Exercise directions ▸
Copying rule for the data below: take the line containing "Module multimode 1.25G-LC" and every line after it to the end, exactly, and drop all pictures.

Data block ▸
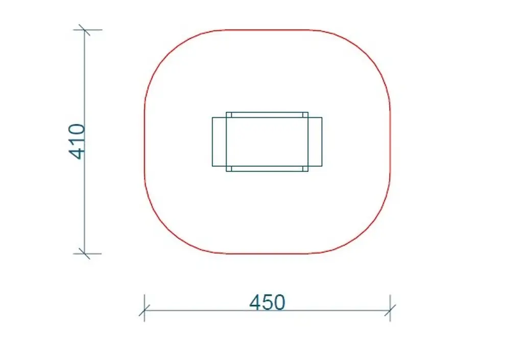 Strefa bezpieczeństwa wokół urządzenia wynosi 4,10 m x 4,50 m, a nawierzchnia musi spełniać wymogi normy PN-EN 1177:2009.
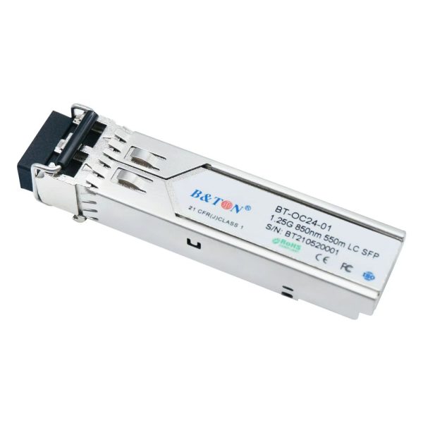 Module multimode 1.25G-LC duplex-550M-850nm – mã BT-OC24-01 cho loại Module quang SFP loại 2 sợi LC Multi mode 1.25G có dung lượng 1.25G khoảng cách-550M- bước sóng 850nm, hãng BTON, xuất xứ china, thường dùng cho các thiết bị switch, convector cổng SFP, thuận tiện cho việc nâng cấp và bảo dưỡng thay thế. Tích hợp được nhiều thiết bị như: BTON, Cisco, Juniper, huawai, Gnet, Planet, Ruijie…. Hàng có sẵn, full chứng từ: CO, CQ, ISO, vận đơn, tờ khai, VAT,..
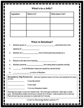 Food Preservation Jams Jellies Preserves Marmalades Worksheet Lab
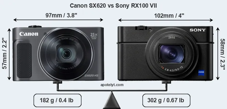 If the front view area (width x height) of the cameras is taken as an aggregate measure of their size, the Sony RX100 VII is notably larger (7 percent) than the Canon SX620. Moreover, the RX100 VII is substantially heavier (66 percent) than the SX620. In this context, it is worth noting that neither the SX620 nor the RX100 VII are weather-sealed.

Your response ▸
 Module multimode 1.25G-LC duplex-550M-850nm – mã BT-OC24-01 cho loại Module quang SFP loại 2 sợi LC Multi mode 1.25G có dung lượng 1.25G khoảng cách-550M- bước sóng 850nm, hãng BTON, xuất xứ china, thường dùng cho các thiết bị switch, convector cổng SFP, thuận tiện cho việc nâng cấp và bảo dưỡng thay thế. Tích hợp được nhiều thiết bị như: BTON, Cisco, Juniper, huawai, Gnet, Planet, Ruijie…. Hàng có sẵn, full chứng từ: CO, CQ, ISO, vận đơn, tờ khai, VAT,..
 Food Preservation Jams Jellies Preserves Marmalades Worksheet Lab
 If the front view area (width x height) of the cameras is taken as an aggregate measure of their size, the Sony RX100 VII is notably larger (7 percent) than the Canon SX620. Moreover, the RX100 VII is substantially heavier (66 percent) than the SX620. In this context, it is worth noting that neither the SX620 nor the RX100 VII are weather-sealed.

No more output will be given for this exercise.